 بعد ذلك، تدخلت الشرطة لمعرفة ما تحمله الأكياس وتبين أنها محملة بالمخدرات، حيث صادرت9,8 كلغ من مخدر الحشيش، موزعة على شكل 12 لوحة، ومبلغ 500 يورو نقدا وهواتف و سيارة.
____________________
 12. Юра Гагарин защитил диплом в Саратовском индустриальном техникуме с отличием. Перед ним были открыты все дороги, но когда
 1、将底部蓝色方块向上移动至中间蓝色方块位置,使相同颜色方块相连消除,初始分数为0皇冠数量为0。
____________________
● Your instructions
Above are the records. Print exactly, and only, the lines from the line with "12. Юра Гагарин" to the line with "1、将底部蓝色方块向上移动至", both inclusive.

● Result for this exercise
 12. Юра Гагарин защитил диплом в Саратовском индустриальном техникуме с отличием. Перед ним были открыты все дороги, но когда
 1、将底部蓝色方块向上移动至中间蓝色方块位置,使相同颜色方块相连消除,初始分数为0皇冠数量为0。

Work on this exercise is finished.